3 comments 3 comments

Jasper was diagnosed with a type of brain tumour called medulloblastoma when he was five years old.

A few months after developing devastating headaches, five-year-old Jasper Lilley was diagnosed with a type of brain tumour called medulloblastoma. After surgery to remove the tumour, he went through a year of intensive radiotherapy and chemotherapy. It was, his mother Alice remembers, “horrendous”.

As well as funding the Children’s Brain Tumour Centre of Excellence, Cancer Research UK was the catalyst for this whole endeavour.

– Professor Raj Chopra, Drug discovery expert

“He was vomiting, he was throwing up loads. It was horrible. I felt helpless. I thought ‘I just want to take him home’.”

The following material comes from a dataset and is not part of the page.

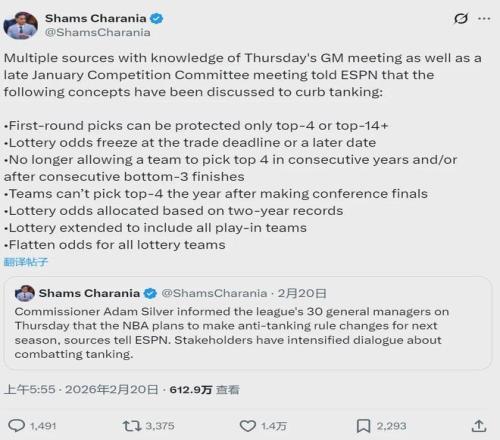 NBA官方計(jì)劃推出多項(xiàng)新規(guī)打擊故意擺爛:1、禁止球隊(duì)連續(xù)兩年獲得前四順位簽;2、連續(xù)兩年聯(lián)盟倒數(shù)前三的球隊(duì)不再獲得高順位簽;3.打進(jìn)分區(qū)決賽的球隊(duì),第二年不能獲得前四順位;4、根據(jù)兩年的綜合戰(zhàn)績,分配樂透抽簽概率。

“I literally got to the point of thinking ‘He’s not going to make it through the chemo because he can’t keep anything down’. And even weeks after the first cycle he was still reacting really badly to the chemo. And then six weeks later, he had to go back in again for his next round. And we had to keep going on like that for nearly a year.”

Thankfully, Jasper’s now back to his usual cheeky self – his hair’s grown back, he’s back at school, and he regularly goes swimming and plays rugby with his dad at weekends. Life is back to normal. But the experience has changed the family’s outlook forever, and Jasper is taking growth hormones as a result of the long-term side effects of his treatment.

£3 million for children’s brain tumour research

At Cancer Research UK, we want to develop the next generation of treatments for children with brain tumours. Treatments that are better, and cause fewer of the life-changing side effects that hit Jasper so hard.

But to do this, we need to revolutionise our understanding of what makes these cancers tick. And so, this year, we opened the Cancer Research UK Children’s Brain Tumour Centre of Excellence – a £3 million investment that aims to accelerate progress in developing and testing new, better and kinder treatments for children and young people with brain tumours.

Professor Raj Chopra works at The Institute of Cancer Research in London, one of two world-class research groups behind the new Centre.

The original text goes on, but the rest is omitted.